In India, he will visit city hospitals and rural clinics to learn about the nation’s health care system and try to identify opportunities for improvement. One effective device, he explains, can amplify the knowledge and efforts of individual clinicians and improve the quality of care for perhaps millions of patients. And Marks has a particular aptitude for innovative design, rooted in technical knowledge, as well as the problem-solving mentality of an Eagle Scout.
“Sometimes it’s those kinds of solutions that you would normally not envisage being possible, useful, or practical that end up working really well,” says Marks, who admits having used dental floss to add the finishing touches to a blood filtration system he designed in his senior year at Harvard.
It’s an attitude he attributes to Maurice Smith, associate professor of bioengineering, who taught Marks as a freshman in ES 53, “Quantitative Physiology as a Basis for Bioengineering.”
“If, at the beginning of my career, there was one professor who made a difference, it was Maurice,” Marks says. “He’s responsible for giving me the bug for engineering. He just approached things in such a different way from everyone else. It was exciting. His methodology was to look at a problem and see what you had and where you could go from there — not looking at what everyone else had done and trying to figure out what came next.
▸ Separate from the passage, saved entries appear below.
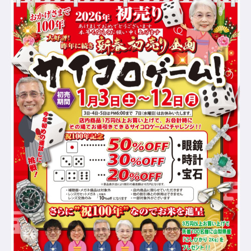 2025年は1/3から営業開始します!14日まで初売りを開催します。一年で一番最初のお買い物を一番お得にできるチャンスですので、ぜひご来店くださいませ!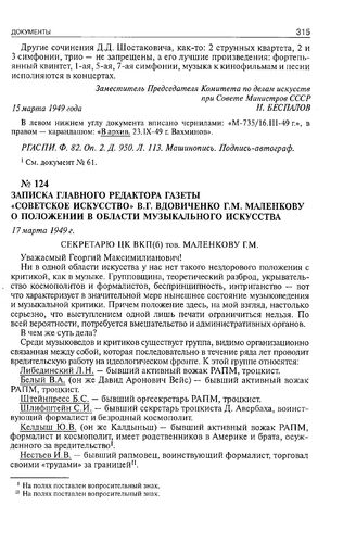 Записка главного редактора газеты «Советское искусство» В.Г. Вдовиченко Г.М. Маленкову о положении в области музыкального искусства. 17 марта 1949 г. // РГАСПИ. Ф. 17. Оп. 132. Д. 244. Л. 36-39. Машинопись. Подпись-автограф.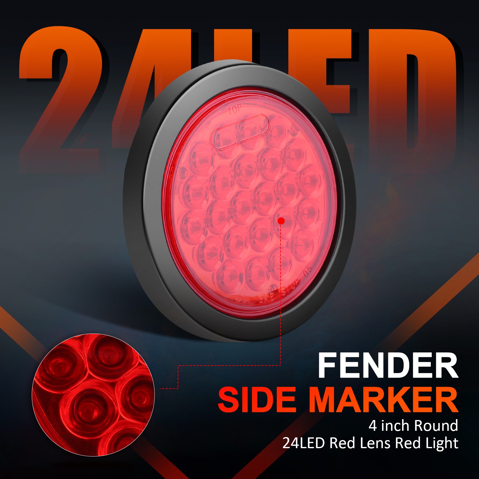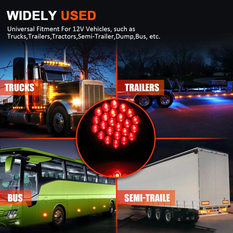 Package Includes: 2X Red 24LED Round Truck Tail Lights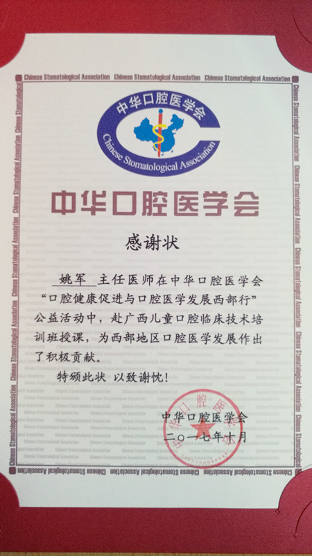 2017年10月13至14日,应中华口腔医学会的邀请,我院儿童牙科姚军主任参加了中华口腔医学会在广西壮族自治区北海市举办的“西部行”公益活动,负责广西北海市儿童口腔临床技术培训班的授课工作。这次培训还邀请了空军医科大学口腔医学院、华西口腔医学院、首都医科大学附属北京口腔医院的知名专科主任。在此次培训班上,姚军主任与学员们分享了自己在儿童口腔临床技术方面的一些经验与知识,为西部地区医学发展做出了积极贡献。(儿童牙科 黄月英供稿)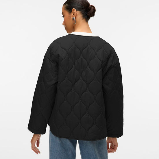 Den svarte quiltede jakken fra Vero Moda Curve er den perfekte kombinasjonen av stil og funksjonalitet. Denne lett vatterte jakken er ideell når du trenger mild varme, og fungerer som et ekstra lag som er perfekt for overgangsperioder med uforutsigbart vær. Jakken har en rund hals og lange ermer med droppede skuldre, som gir et avslappet og moderne utseende.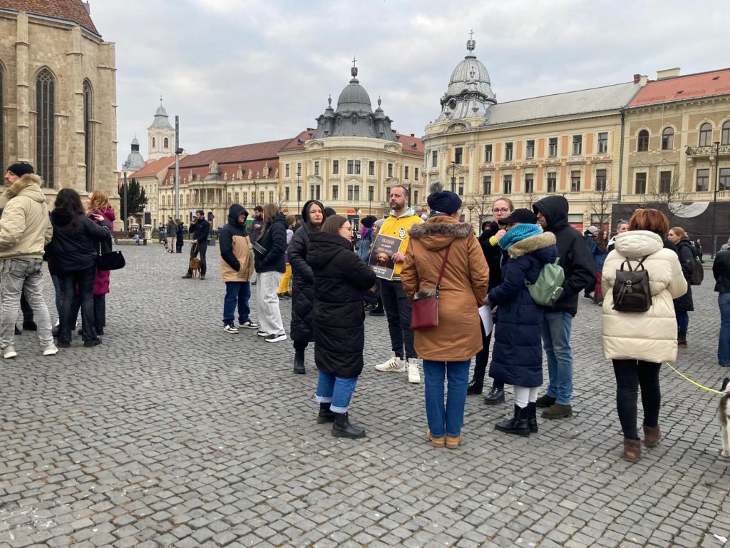 Foto Protest la Cluj-Napoca. Zeci de oameni în stradă pentru protecția animalelor
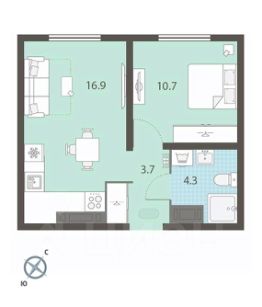 Жилая площадь 10.7 м2, кухня 16.9 м2, чистовая отделка. Раздельных санузлов - нет, балконов - нет, лоджий - нет.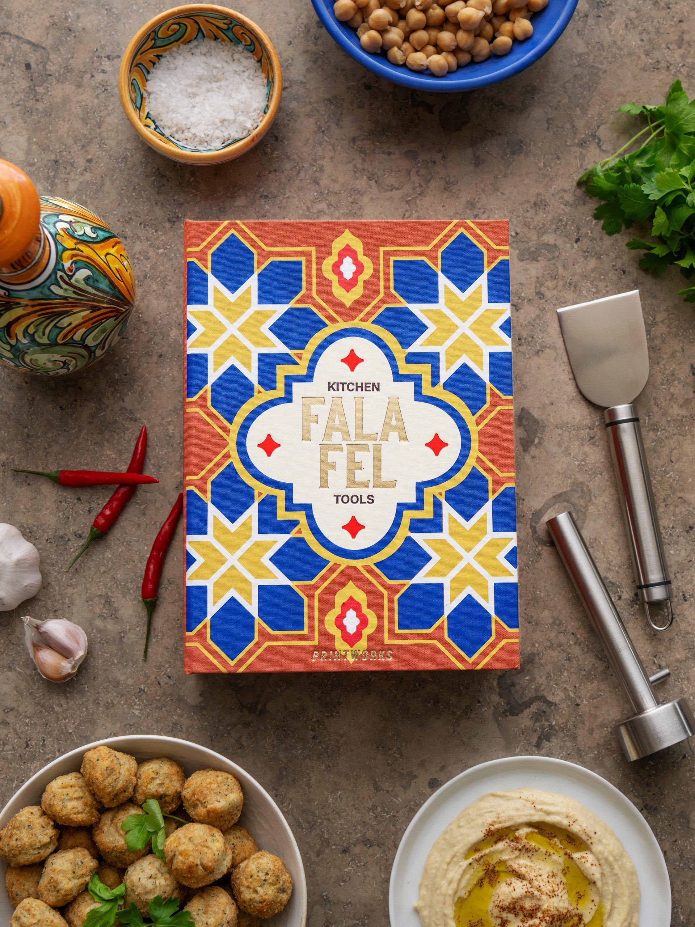 Discover the essential kit for creating falafel from scratch – a stylish toolbox presented in a book-like box, perfect for food explorers. It also serves as a decorative piece in your kitchen when stored alongside cookbooks.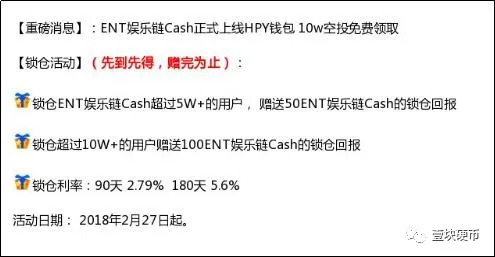 上线了交易平台的ENT,又在2018年2月26日推出锁仓活动,但不是项目方锁仓。用户在一款HPY钱包中锁仓ENT达一定数量和时间,就能再得到ENT作为回报。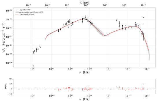 - Aliu, E.; Archambault, S.; Arlen, T.; Aune, T.; Beilicke, M.; Benbow, W.; Boettcher, M.; Bouvier, A.; Bugaev, V.; Cannon, A.; et al. Multiwavelength observations of the AGN 1ES 0414+ 009 with VERITAS, Fermi-LAT, Swift-XRT, and MDM. Astrophys. J. 2012, 755, 118. [Google Scholar] [CrossRef]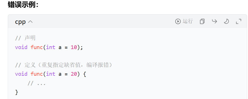此时编译器会提示 "重定义默认参数" 的错误。这一规则的核心是保证缺省参数的唯一性,避免歧义。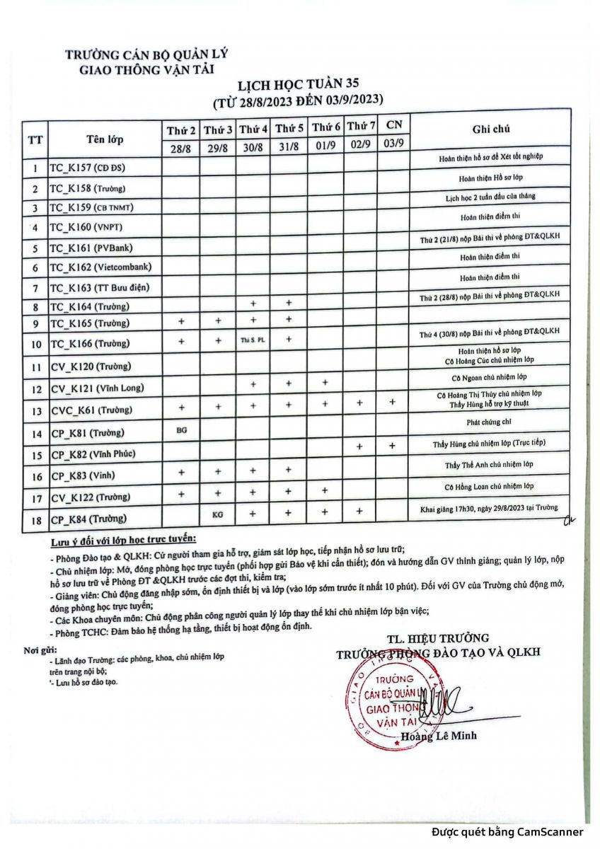 Lịch học tuần 35 từ 28/8/2023 đến 03/9/2023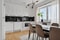 Köket är stilrent med vita luckor och kaklade väggar ovanför arbetsbänken. Köket är utrustat med kombinerad kyl och frys, diskmaskin, häll, ugn, fläkt och inbyggd mikrovågsugn. Här finns även plats för matbord. På golven ligger parkett och väggarna är målade.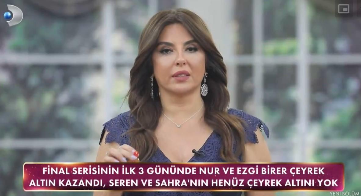 Final serisinin üçüncü gününde Gelinim Mutfakta günün birincisi ve çeyrek altının sahibi Sahra oldu. Sahra ve Ezgi bugün eksi 2 ceza puanı da almıştı.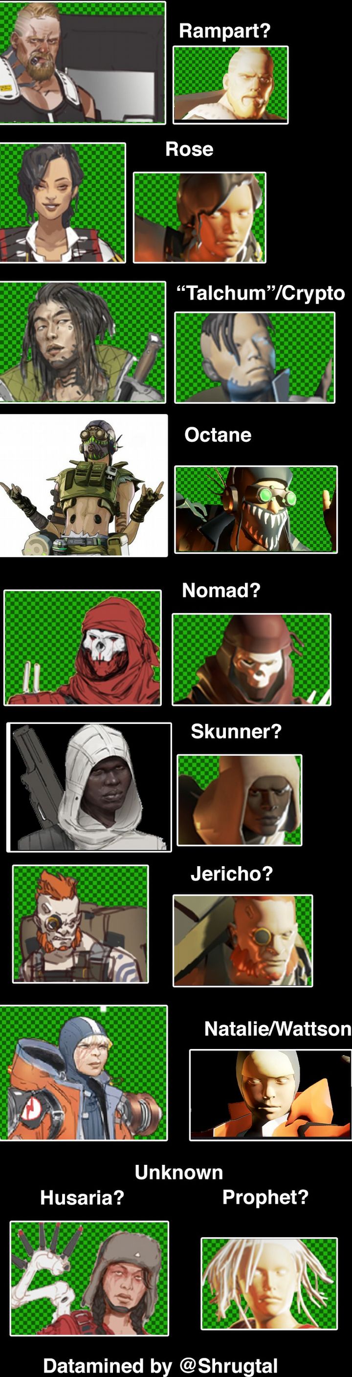Przede wszystkim hakerzy odnaleźli projekty nowych bohaterów mogących wkrótce pojawić się w grze. W grupie dziesięciu herosów (do obejrzenia poniżej) znalazł się Octane, o którym plotki krążą już od jakiegoś czasu. Mówi się, że zadebiutuje on jeszcze w tym miesiącu (być może nawet dziś), wraz z Battle Passem pierwszego sezonu. Prócz niego na opublikowanej przez graczy liście znaleźli się Rampart, Rose, „Talchum”/Crypto, Nomad, Skunner, Jericho, Natalie/Wattson, Prophet i Husaria (część imion nie jest pewna). Uwagę Polaków zwrócić może zwłaszcza ta ostatnia postać, która na pierwszy rzut oka wygląda jak stereotypowy Słowianin (może z wyjątkiem blond włosów) ze skrzydłami na plecach.
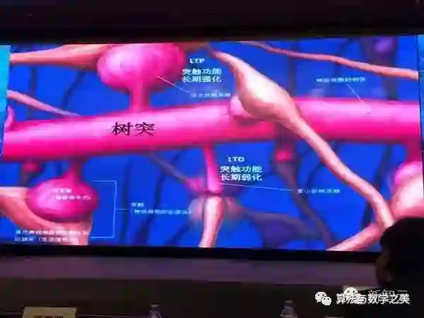 突触其实是产生在轴突终端的一个小泡,跟树突产生的一个突起,这个叫树突棘。这个突起在一般的神经细胞上面有成千上万个,至少几百个,这些突触就是表示说不同神经元来到轴突的输入,但不是都是有电活动,电活动加起来超过阈值,神经元整合就放电,就给下一个细胞发出信号。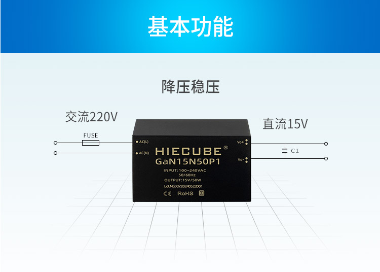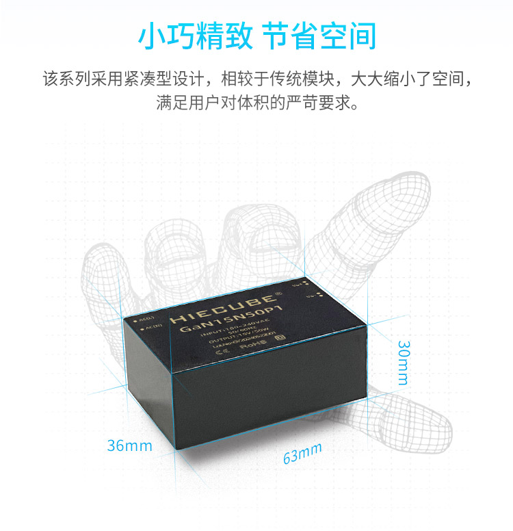 品牌:hiecube/高能立方 型号:gan15n50p1 隔离耐压:3000vac 输出电压精度:±1% 电源类别:ac-dc电源模块 模块质保年限:三年

“But he also just taught me to persevere in problem-solving. Even if a problem makes no sense whatsoever, you can still find a way to get at it. That’s a skill that’s served me well in many different facets of life.”
A native of Hollywood, Fla., Marks attended boarding school in New Jersey and spent several summers in China. He ran out of math classes in high school and applied to colleges as a junior.
For a young man who ultimately would devote his spare time to leading prospective students on official tours of SEAS, Marks had a fairly unusual approach to college visits. He’d stand on a street corner interviewing students as they walked by: “What do you like about this place? What don’t you like? Where would you have gone if you didn’t come here?”
Finally, though, Marks’ decision came from the gut. Paused outside Holworthy Hall one October day, he watched the students lounging in the Yard. “They just looked really happy,” he recalls, “and for whatever reason I decided that Harvard felt right.”
When he arrived on campus that fall, he says, he “just sort of fell into the place.”
His résumé reflects it. Marks became president of the Harvard College Engineering Society, statistician for the Harvard football team, finance director for the Harvard College Entrepreneurship Forum, “re-founding” member of the Harvard Shooting Club— founded in 1883, the team was disbanded in 2003 and restarted in 2009 — and a three-time winner of the Harvard College Innovation (I3) Challenge. He also served as chairman of the Fellow Selection Committee at the Institute of Politics, reviewing applications from world leaders to spend a semester at Harvard.
“When you’re interviewing people who you see on TV on a regular basis, it’s pretty cool,” Marks says with a shrug.
Understated but intensely driven, Marks contributed at Harvard to many design projects, including a deep-sea turbine to generate electricity for the Woods Hole Oceanographic Institution; a moon-landing robot for a NASA competition; a biocompatible, injectable gel that solidifies as it warms to body temperature; and a software program called Shoesy, which analyzed biomechanical data to identify the best-fitting pair of shoes.
“William has an incredible ability to quickly learn new things, process information, and apply what he has learned,” remarks his adviser, Bhatia. “He’s exceptionally good at thinking on his feet.”
Marks graduated in May 2013 with bachelor’s and master’s degrees in engineering sciences (and a secondary field in computer science). He now has the opportunity, if he chooses, to pursue a Ph.D. in medical materials at Cambridge and an M.B.A. here at Harvard.